◆ **TO DO**:
The required output is an exact copy of the lines from the one containing "采用全局暗色調(diào),晚上使用更加" through the end of the entries below, with pictures removed.

◆ **DATA SECTION**:
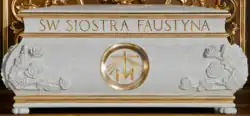 25 listopada 1966 jej szczątki przeniesiono do kaplicy klasztornej[41]. W 1968 kaplica ze względu na grób Sługi Bożej została wpisana na listę sanktuariów archidiecezji krakowskiej. Do beatyfikacji relikwie spoczywały w naturalnych rozmiarów trumnie. Obecnie znajdują się w sarkofagu na ołtarzu, pod słynącym łaskami obrazem Jezu ufam Tobie, namalowanym przez Adolfa Hyłę. Relikwiarz został odsłonięty w dzień beatyfikacji zakonnicy, 18 kwietnia 1993.
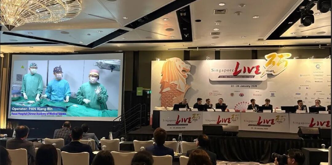 1月22日至24日,亚洲心脏介入领域年度顶级盛会——Singapore LIVE 2026(SingLIVE 2026)在新加坡隆重召开。会议期间,中国医学科学院阜外医院潘湘斌教授团队受邀向大会进行纯超声引导经导管二尖瓣缘对缘修复术(TEER)手术转播,凭借其创新性与高难度引发国际同行的广泛关注,成为本次会议的焦点。
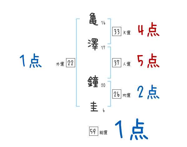 天運![]() | 亀澤鐘圭さんの天運は33画の4つ星!権力志向でプライドが高い。勇気があり運を切り開き成功する。 家系が持つ宿命的な運勢を表します。祖先から受け継いだ苗字ですので自分の力が及びません。家柄を象徴します。 |
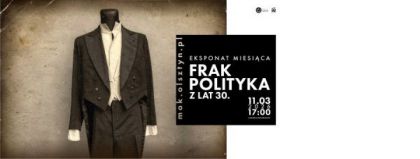 MOK Olsztyn zaprasza na kolejną prezentację eksponatu miesiąca! Wydarzenie „Frak polityka z lat 30.” rozpocznie się w środę 11 marca o godz. 17:00 w Zajezdni trolejbusowej przy ul. Knosały.
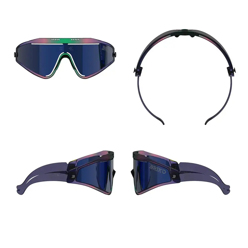 De Briko Detector Sport Zonnebril Zwart met Blauwe lens is een bril met zeer breed gezichtsveld. De bril heeft namelijk het lage gewicht van een hardloopbril, maar bedekt je ogen zoals een fietsbril. Het gestroomlijnde maar toch comfortabele design van deze bril sluit nauw aan om je hoofd. De ventilatiegaten in de lenzen voorkomen dat de lenzen beslaan tijdens het fietsen. De bril biedt ook bescherming tegen UV en UVA straling.
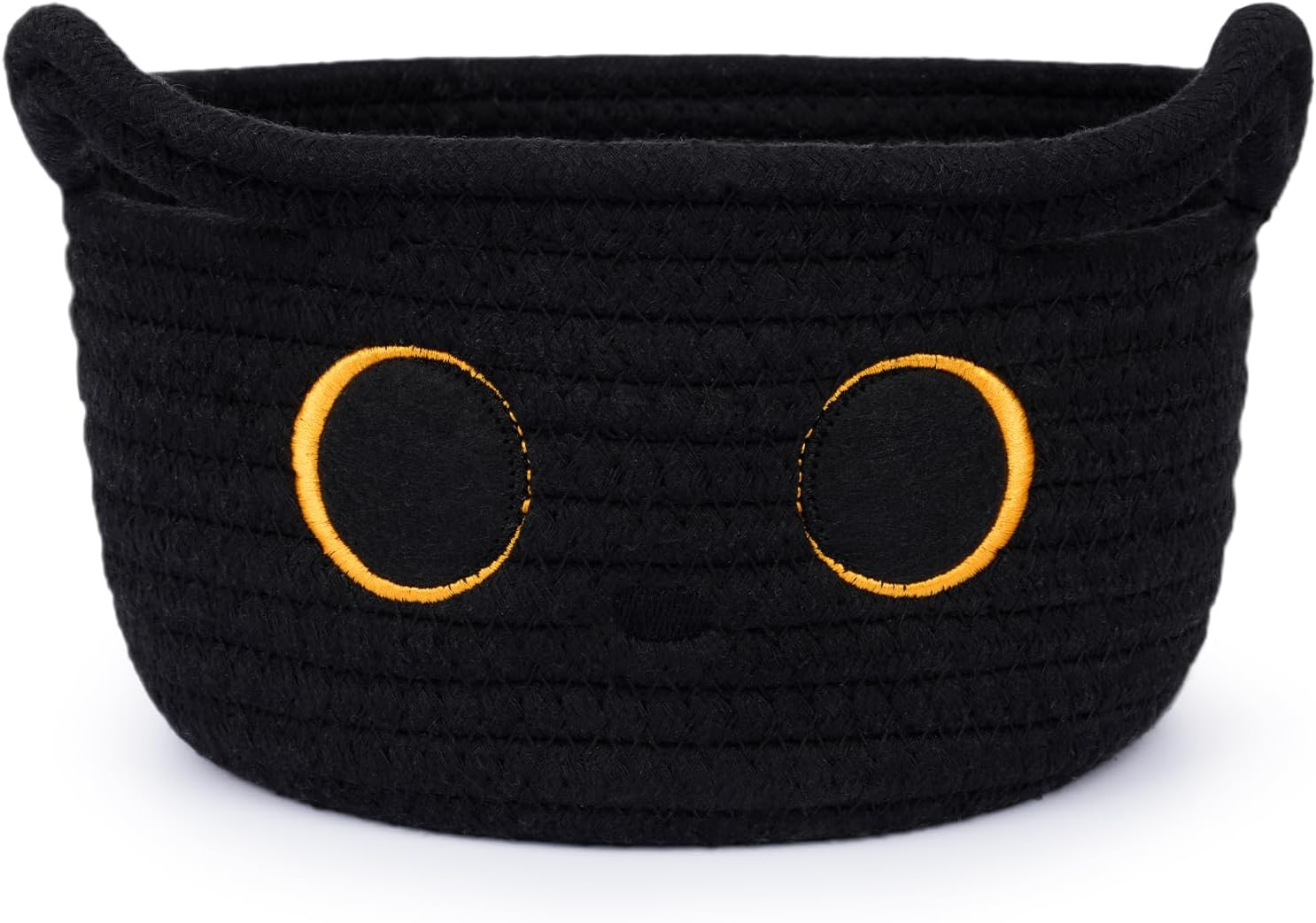 - Cute Cotton Rope Basket Design: We've added a black cat to the original cotton thread woven in a single colourway,cat pattern use embroidery technique. This makes it practical and fun to decorate your space. The materials used are also non-allergenic so that you and your family can use it with peace of mind. The ears can with handles for easy carrying. Good small black cat storage basket
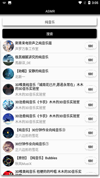 采用全局暗色調(diào),晚上使用更加護眼,擁有定時停止播放,睡眠模式,單首播放、音量均衡等貼心特性,貼合廣大ASMR同好的使用習慣,陪你舒適入眠。(由于服務器線路特性,有條件的用戶可以使用“網(wǎng)絡(luò)加速工具”提升緩沖、下載速度。)
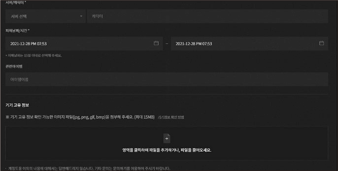 6. 서버/캐릭터/시간/아이템 등 작성(모바일 게임이라면 기기정보 추가)
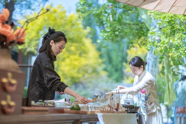 牡丹文化节期间,推出了多项文化活动。古韵市集上,游客品茗赏景。
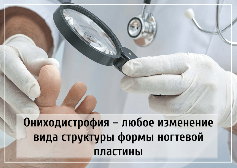 Хотя грибковое поражение — это отдельное заболевание, клинически оно проявляется именно как ониходистрофия: ногти утолщаются, крошатся, меняют цвет на желтый, коричневый, теряют прозрачность.
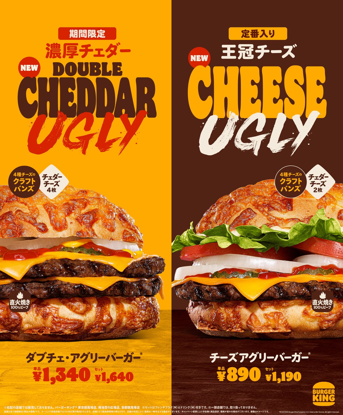 バーガーキング® のこだわりぬいた人気シリーズ「アグリーバーガー® 」から期間限定「ダブチェ・アグリー」登場&「チーズアグリー」待望の定番入り!4種チーズのクラフトバンズ×ジューシーな直火焼きビーフ

◆ **OUTPUT FOR THIS EXERCISE**:
 采用全局暗色調(diào),晚上使用更加護眼,擁有定時停止播放,睡眠模式,單首播放、音量均衡等貼心特性,貼合廣大ASMR同好的使用習慣,陪你舒適入眠。(由于服務器線路特性,有條件的用戶可以使用“網(wǎng)絡(luò)加速工具”提升緩沖、下載速度。)
 6. 서버/캐릭터/시간/아이템 등 작성(모바일 게임이라면 기기정보 추가)
 牡丹文化节期间,推出了多项文化活动。古韵市集上,游客品茗赏景。
 Хотя грибковое поражение — это отдельное заболевание, клинически оно проявляется именно как ониходистрофия: ногти утолщаются, крошатся, меняют цвет на желтый, коричневый, теряют прозрачность.
 バーガーキング® のこだわりぬいた人気シリーズ「アグリーバーガー® 」から期間限定「ダブチェ・アグリー」登場&「チーズアグリー」待望の定番入り!4種チーズのクラフトバンズ×ジューシーな直火焼きビーフ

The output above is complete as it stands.